Another time Jenny and I were at a friend's wedding, and we gorged ourselves at the wedding reception afterwards. When we got home later we were both sick as dogs. Of course we didn't tell our friend about the food poisoning, she would have felt very guilty and it would have spoilt the day for her. I imagine some of the other guests must have had food poisoning as well, but when we saw the friend later she never mentioned it.

Then I got food poisoning on a flight to Australia. By a weird coincidence, the woman sitting next to me also had food poisoning, so we were able to deduce the cause - the egg sandwiches we had at Costa Heathrow. Boy, was I glad when that flight was over!

I love peanut butter and eat loads of it, but I read that peanut butter can easily be contaminated by salmonella, either during the growing period or during later processing. There are regular recalls of peanut butter in the States. Well, I've never heard of a peanut butter recall in the UK, so I guess it's safe for me to go on eating the stuff.

Thursday, 3 July 2025

Being beautiful

One thing I'm grateful for is that as a boy I didn't grow up amid a torrent of "beautiful boy" images and given the message that if I didn't look like one of these beautiful boys, I was therefore unattractive or even ugly, and I needed to make myself more like them.
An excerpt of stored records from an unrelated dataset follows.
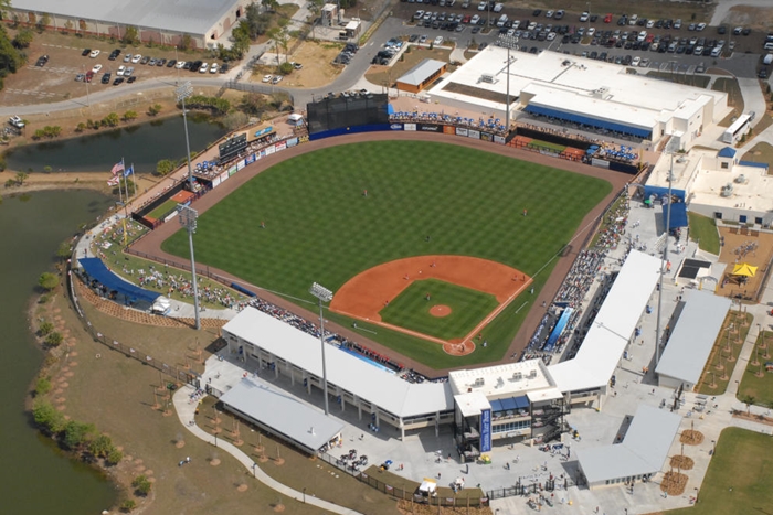 트로피카나 필드에서 차로 30분 떨어진 곳에 있는 뉴욕 양키스 스프링 캠프 안방 구장 '조지 M 스타인브레너 필드'는 1만 명을 넘게 수용할 수 있습니다.
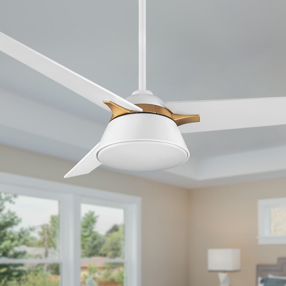 Designed with long squared blades in a black / white finish, elegant gold accents, and a flushed light cover, the Smafan Lismore 48” ceiling fan is sure to elevate any room in your home. The fan features an elegant exterior and an innovative interior to provide unrivaled cooling and lighting at the touch of a button.
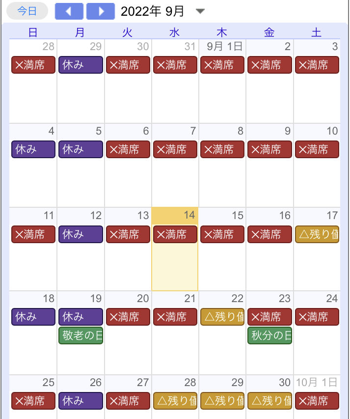 この予約状況は今現在(2022年9月14日)の状況ですので
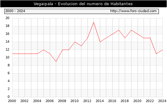 el numero de habitantes en Vegaipala era de 12, 1 habitantes mas que el en el año 2023. En el grafico siguiente se puede ver cuantos habitantes tiene Vegaipala a lo largo de los años.
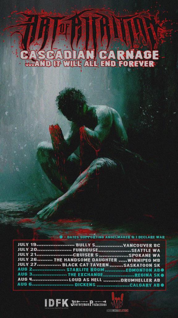 Launching their pre-order for the new EP “…And It Will All End Forever” dropping on July 26th (links listed below), Red Deer, AB’s Art of Attrition announces they will be hitting the road this July and August for “The Cascadian Carnage Tour”, which includes a performance at Loud As Hell Festival in Drumheller, AB along with select support dates with Vancouver’s AngelMaker and Seattle’s I Declare War.
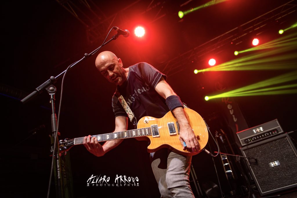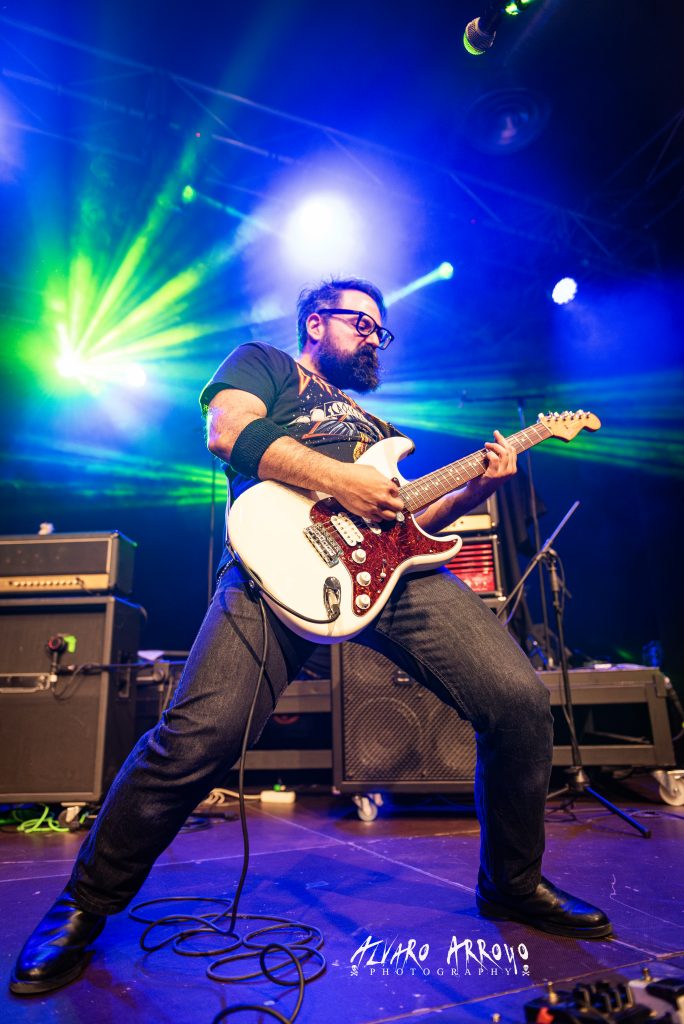 Ya en la recta final de su actuación, tras anunciar la única versión de la noche, un psicodélico inicio instrumental y el uso del slide por parte de Jorge, nos descolaría un poco antes de reconocer el archiconocido himno de PINK FLOYD “Another Brick In The Wall, Part 2”, tomando sentido esos brazaletes rojos y blancos con su logo que lucían los miembros de la banda, haciendo muy interesante un tema tantas veces escuchado,  con la vuelta de tuerca que le dio el cuarteto y en especial su guitarrista con un remozado solo a base de efectos. Fin entre agradecimientos, dejando un gran sabor de boca entre los presentes.
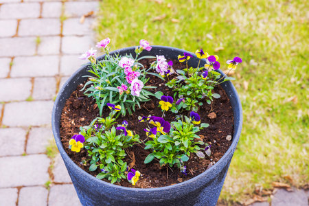 Close-up view of street vase with blooming flowers, carnations, and pansies on a sunny spring day.
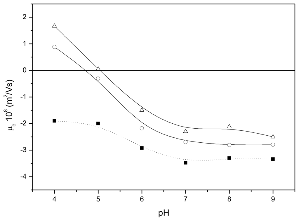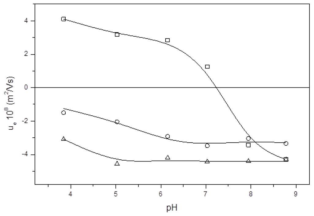 A Zetasizer-nano (Malvern Instruments, UK) was used to measure the electrophoretic mobility (μe). The study was focused on measuring the μe as a function of pH while maintaining a constant low-ionic-strength value (0.002 M). Each μe mobility datum was the average of 6 individual measurements.

We boys never even discussed our bodies or whether we were attractive or not (not even comparing willies!). We just took our bodies for granted whatever they looked like and that was that.
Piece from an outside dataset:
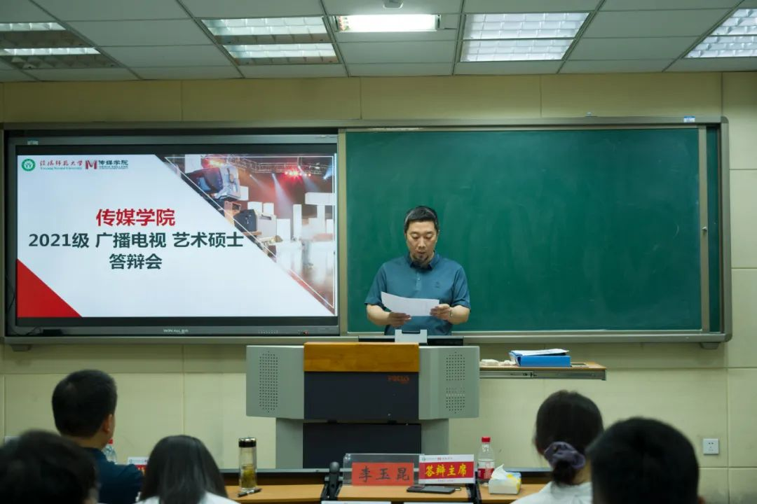 5月17日下午,437bwin必赢国际官网2021级广播电视艺术硕士答辩会在社科楼311会议室和教五楼301教室同步进行。河南大学戏剧影视文学系主任李玉昆教授、武汉大学艺术学院王杰泓教授受邀担任答辩委员会主席,437bwin必赢国际官网院长吕东亮、副院长周强及部分硕士生导师共同担任答辩委员会委员。2021级研究生分两组进行答辩,2022级硕士研究生与会旁听。
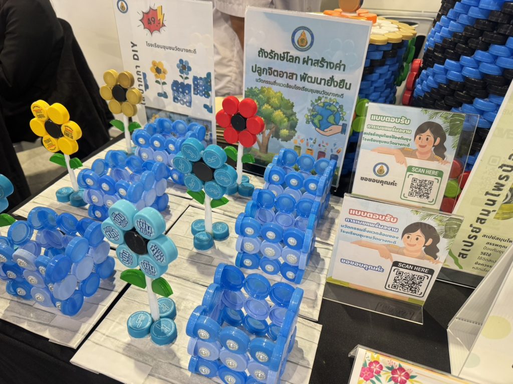 รวมถึง 4 โรงเรียนต้นแบบในพื้นที่ของศูนย์การค้าในเครือเอ็ม บี เค ไม่ว่าจะเป็น โรงเรียนวัดบรมนิวาส โรงเรียนแก่นทองอุปถัมภ์ โรงเรียนสุเหร่าใหม่ โรงเรียนชุมชนวัดบางกะดี ที่เข้าร่วมกิจกรรม “แยกขวด ช่วยน้อง” ภายใต้โครงการ ข.ขวดรักษ์โลก ของทางเอ็ม บี เค เพื่อเสริมความรู้เรื่องการคัดแยกขยะ การบริหารจัดการขยะ พร้อมนำขวดพลาสติกที่ได้จากการคัดแยกขยะไปทำเป็นกระเป๋านักเรียนอัพไซเคิล ตอบสนองเป้าลดก๊าซเรือนกระจกสุทธิเป็นศูนย์ มาร่วมกันเล่าถึงการต่อยอดถึงการคัดแยกขยะเพิ่มเติมจากขวดพลาสติก ด้วยการนำฝาขวดน้ำพลาสติกมาผลิตเป็นกระเป๋า ผลิตเป็นพวงกุญแจ ทำให้เด็ก ๆ ในโรงเรียนใช้เวลาว่างให้เป็นประโยชน์ มีรายได้เสริม รวมถึงการคัดแยกขยะจากเศษอาหาร ก็นำมาทำเป็นปุ๋ยหมัก อีกด้วย

Young girls on the other hand are having a terrible time of it, bombarded on all sides by "beautiful woman" images and by men's endless criticism of female bodies.

Many succumb to the pressure and do their best to make themselves more "attractive", changing their appearance in any way possible, from different make-up to cosmetic surgery. Only those with very strong wills can ignore all this pressure and accept themselves just as they are.

As far as I remember my sister was never influenced by all the focus on beautiful women (which when she was growing up was nothing like as rampant as it is now). She accepted herself as she was and never got hung-up on what she looked like.

I've never had the slightest desire to remodel myself as some beautiful man. I'm very positive about my body and have no urge to change any part of it. I am what I am.